Tyson H, Haley B
Comput Methods Programs Biomed. 1985 Oct;21(1):3-10. doi: 10.1016/0169-2607(85)90057-4.
A program to calculate optimum alignment between two sequences, which may be DNA, amino acid or other information, has been written in PASCAL. The Sellers' algorithm for calculating distance between sequences has been modified to reduce its demands on microcomputer memory space by more than half. Gap penalties and mismatch scores are user-adjustable. In 48 K of memory the program aligns sequences up to 170 elements in length; optimum alignment and total distance between a pair of sequences are displayed. The program aligns longer sequences by subdivision of both sequences into corresponding, overlapping sections. Section length and amount of section overlap are user-defined. More importantly, extension of this modification of Sellers' algorithm to align longer sequences, given hardware and compilers/languages capable of using a larger memory space (e.g. 640 K), shows that it is now possible to align, without subdivision, sequences with up to 700 elements each. The increase in computation time for this program with increasing sequence lengths aligned without subdivision is curvilinear, but total times are essentially dependent on hardware/language/compiler combinations. The statistical significance of an alignment is examined with conventional Monte Carlo approaches.
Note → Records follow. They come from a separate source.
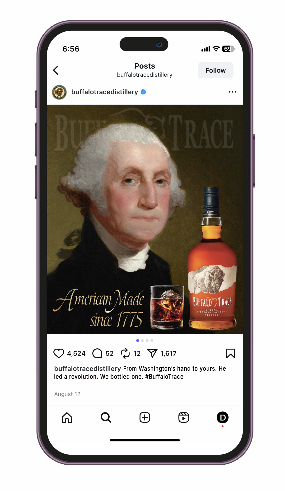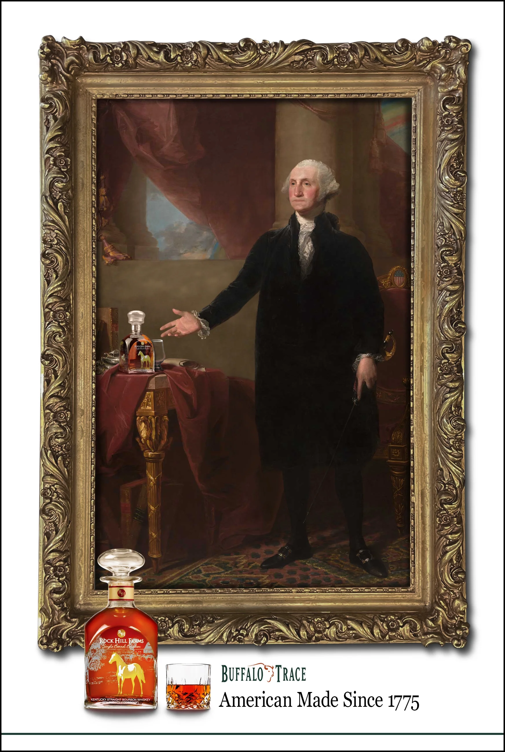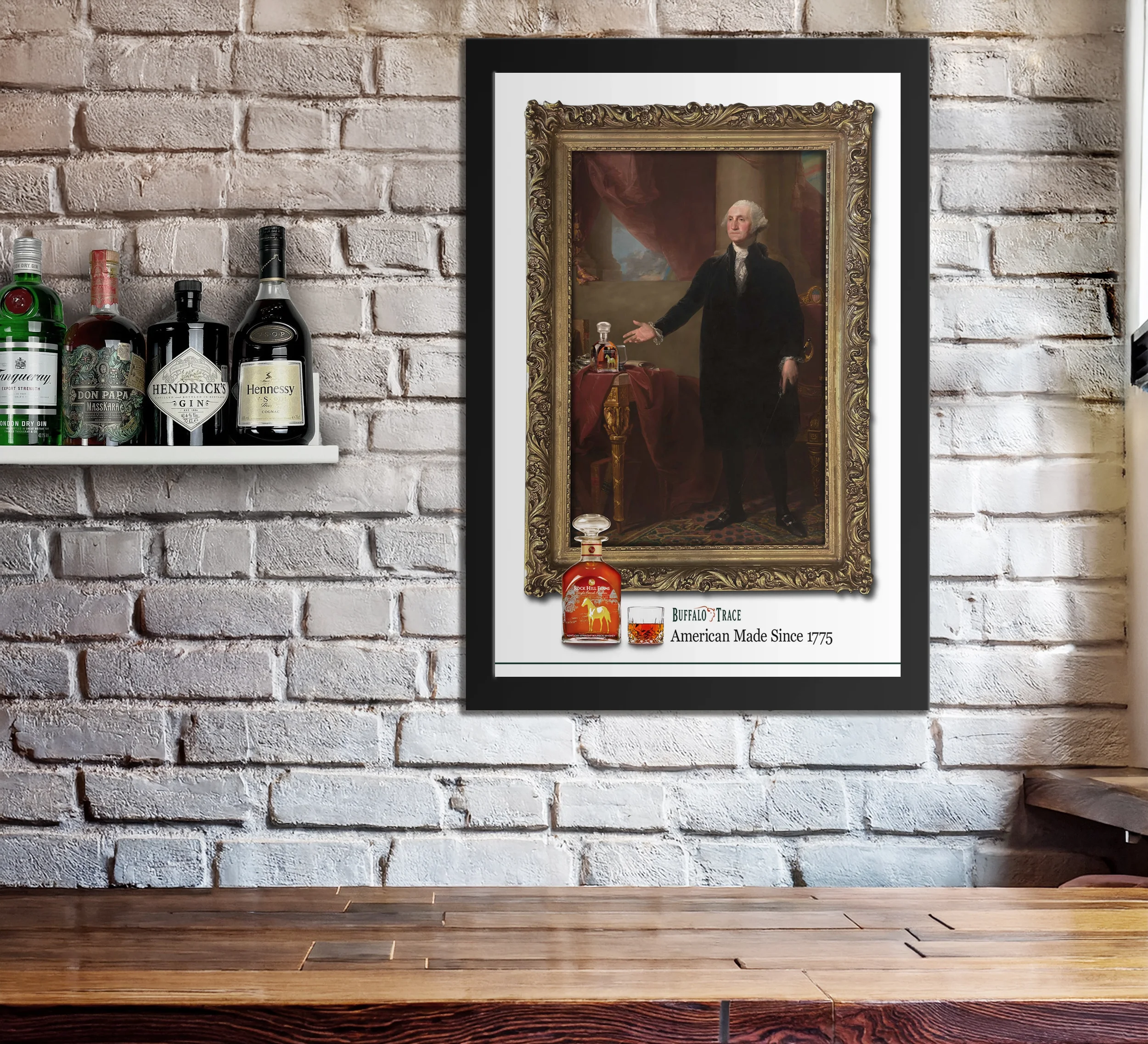 The modified painting of George Washington was cropped in a flowing line that complements the silhouette of the Buffalo Trace logo. The right side would be hand painted by an artist and features the brand colors, wordmark, and campaign tagline. An additional marketing slogan was added to distinguish this aspect of the campaign and increase the advertisement’s stickiness.
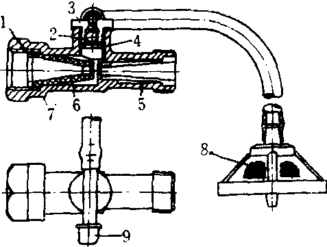 喷射式混药器 1.垫圈 2. 玻璃球 3. T型接头 4.销套 5.衬套 6.射嘴 7. 壳体 8. 吸药滤网 9. 管封 |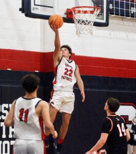 - Parkersburg South’s Logan Graham goes up for a reverse lay-in during the Patriots’ 100-57 victory Thursday night inside Rod Oldham Athletic Center. (Photo by Jay W. Bennett)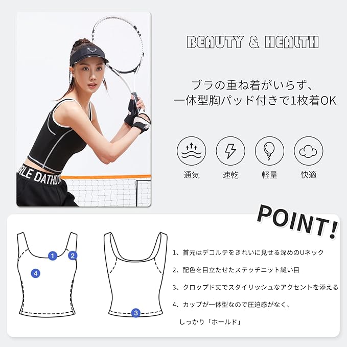 [MORGEN SKY] タンクトップ レディース ヨガウェア カップ付き スポーツウェア ブラトップ Uバック 速乾 通気 ストレッチ性 揺れない フィットネス テニス YB023. | funshop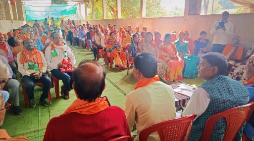 भारतीय जनता पार्टी बस्तर जिले के भानपुरी मंडल कार्यसमिति की बैठक आज चपका में सम्पन्न हुई । भाजपा कार्यसमिति की बैठक में कार्यकर्ताओं को संबोधित करते हुए भाजपा प्रदेश महामंत्री केदार कश्यप जी ने कहा कि सभी कार्यकर्ता एकजुट होकर मतदान केंद्रों पर अपनी पूरी ताकत झोंक दे । श्री कश्यप ने कहा कि आगामी 11 फरवरी को माननीय राष्ट्रीय अध्यक्ष जे पी नड्डा जी के जगदलपुर प्रवास को सफल बनाने के लिए हम सभी को प्रयास करना है । भाजपा जिला अध्यक्ष रूपसिंह मंडावी जी ने कहा कि सामने चुनाव है कांग्रेस के कुशासन के खिलाफ हम सभी भाजपा कार्यकर्ताओं को आवाज उठानी है ।भाजपा मंडल अध्यक्ष संतोष बघेल ने विगत कार्यक्रमों का वृत प्रस्तुत किया तथा बैठक को संबोधित करते हुए कहा कि भानपुरी मंडल का प्रत्येक कार्यकर्ता भाजपा के रीति नीति का पालन करते हुए पार्टी की विचारधारा पर चलने के लिए संकल्पित है । भाजपा मण्डल प्रभारी योगेन्द्र पांडे जी ने बैठक को संबोधित करते हुए कहा कि चुनाव में समय बहुत ही कम बचा है मण्डल का प्रत्येक कार्यकर्ता बूथ पर हर एक मतदाताओं सें संपर्क कर केन्द्र सरकार की योजनाओं, छ.ग. में भाजपा सरकार के कार्यकाल की उपलब्धियों तथा वर्तमान कांग्रेस की वादाखिलाफी एवं विफलताओं को बताए। बैठक को जिला पंचायत के पूर्व उपाध्यक्ष तरुण चोपड़ा ने भी संबोधित किया। बैठक संचालन महामंत्री प्रवीण सांखला ने किया। भाजपा मण्डल कार्यसमिति की बैठक में विजय तिवारी , दिलीप पाणिग्राही ,खीतेश मौर्य,अशोक राव , असगर खान , अशोक राव, भूषण गुप्ता, गणेश सेठिया, हरदेव बघेल ,भोला कश्यप,खुलेश्वर,फकीर कश्यप, लुदर सेठिया,दीपक गुप्ता,सुनील कश्यप,दयानीधि ठाकुर, राजू पांडे,भूवन साहू, भागीरथी, दिवाकर पांडे, राधाकृष्ण पानीग्राही, रामनारायण पांडे, नडगी पटेल,शशी भारती, महेश कश्यप, मुकेश दिवान,हरबंधु,लच्छीन,विद्या, महेंद्र पांडे,नीलकुमारी, रमेश बघेल, घनश्याम , रामप्रसाद मौर्य , तुलसू राम , ओमप्रकाश कश्यप सहित काफी संख्या में कार्यकर्ता उपस्थित थे ।

已用PASCAL语言编写了一个程序,用于计算两个序列之间的最佳比对,这两个序列可以是DNA、氨基酸序列或其他信息。对用于计算序列间距离的塞勒斯算法进行了修改,以将其对微型计算机内存空间的需求减少一半以上。空位罚分和错配得分可由用户调整。在48K内存中,该程序可比对长度达170个元素的序列;显示一对序列之间的最佳比对和总距离。该程序通过将两个序列都细分为相应的重叠部分来比对更长的序列。片段长度和片段重叠量由用户定义。更重要的是,将塞勒斯算法的这种修改扩展到比对更长的序列,在具备能够使用更大内存空间(例如640K)的硬件以及编译器/语言的情况下,表明现在可以在不细分的情况下比对每个序列多达700个元素的序列。该程序在不细分的情况下随着比对序列长度增加,计算时间的增加呈曲线关系,但总时间基本上取决于硬件/语言/编译器的组合。用传统的蒙特卡洛方法检验比对的统计学意义。